AustMS2021 plenary profile – Zeev Rudnick

This is the first in a series of interviews with the plenary speakers for the upcoming 65th Annual Meeting of the AustMS.

  1. What is your earliest mathematical memory?

My family moved from Israel to Uganda when I was 8 years old, and I started school there without knowing any English. Nakasero Primary School was at the time an old fashioned colonial British school, which offered very little help for pupils who did not know English. I was put in a class and expected to catch up on my own.
I well remember that the one subject that I was able to follow for the first few weeks was Maths: multiplication table and such matters. At that point I was grateful that math was a universal language!

  1. What made you decide to become a mathematician, and when?

In my final year at high school I was seriously thinking about taking up physics. I tried to read some of the university physics texts but decided that I needed to better understand the math, and while doing it fell in love with the subject. I participated in a couple of local math contests and received a small fellowship as a result of winning third place in one of them, and I saw that as a sign that I had a future in the subject.

  1. Name a favourite paper by a contemporary mathematician, and why (or more than one, if you can’t decide).

Some of Michael Berry’s papers and surveys are particular favourites of mine, as they have shaped my views of Quantum Chaos and its relation to Number Theory.
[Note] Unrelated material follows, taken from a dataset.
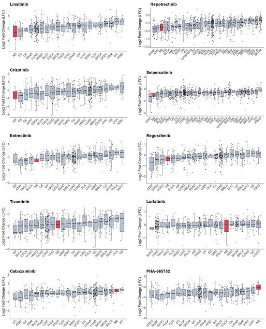 Cell number change in log2 after treatment with RTK inhibitors from PRISM database. Cell lines grouped by primary tumour type, neuroblastoma cells marked in red. Median values and lower and upper quartile are shown; each dot represents a cell line. CCA—cholangiocarcinoma, BLCA—bladder urothelial carcinoma, BRCA—breast invasive carcinoma, OS—osteosarcoma, CESC—cervical squamous cell carcinoma and endocervical adenocarcinoma, COAD—colon adenocarcinoma, UCEC—uterine corpus endometrial carcinoma, ESCA—esophageal carcinoma, ES—Ewing sarcoma, GBC—gallbladder cancer, GC—stomach adenocarcinoma, GBM—glioblastoma multiforme, HNSC—head and neck squamous cell carcinoma, KIRC—kidney renal clear cell carcinoma, LIHC—liver hepatocellular carcinoma, LUAD—lung adenocarcinoma, SKCM—skin cutaneous melanoma, MM—multiple myeloma, NB—neuroblastoma, OV—ovarian serous cystadenocarcinoma, PAAD—pancreatic adenocarcinoma, PRAD—prostate adenocarcinoma, ATRT—atypical teratoid rhabdoid tumour, RMS—rhabdomyosarcoma, SARC—sarcoma, THCA—thyroid carcinoma, CML—chronic myeloid leukaemia, ALL—acute lymphoblast leukaemia, AML—acute myeloid leukaemia.

In particular I can mention the survey:

  • Berry, M V, 1983, ‘Semiclassical Mechanics of regular and irregular motion’ in Les Houches Lecture Series Session XXXVI, eds. G Iooss, R H G Helleman and R Stora, North Holland, Amsterdam, 171-271. (author pdf)

Michael Berry is a physicist, but much of his work is mathematical and I have drawn inspiration from his way of looking at nature.

  1. What historical mathematician would you like to be able to talk maths with? What would you ask them?

I suspect that many of the great mathematicians are not great conversationalists.

  1. What result would you like to see in mathematics in the next 10 years?

I would like to see a proof of the Riemann Hypothesis. But it may well take much more than 10 years.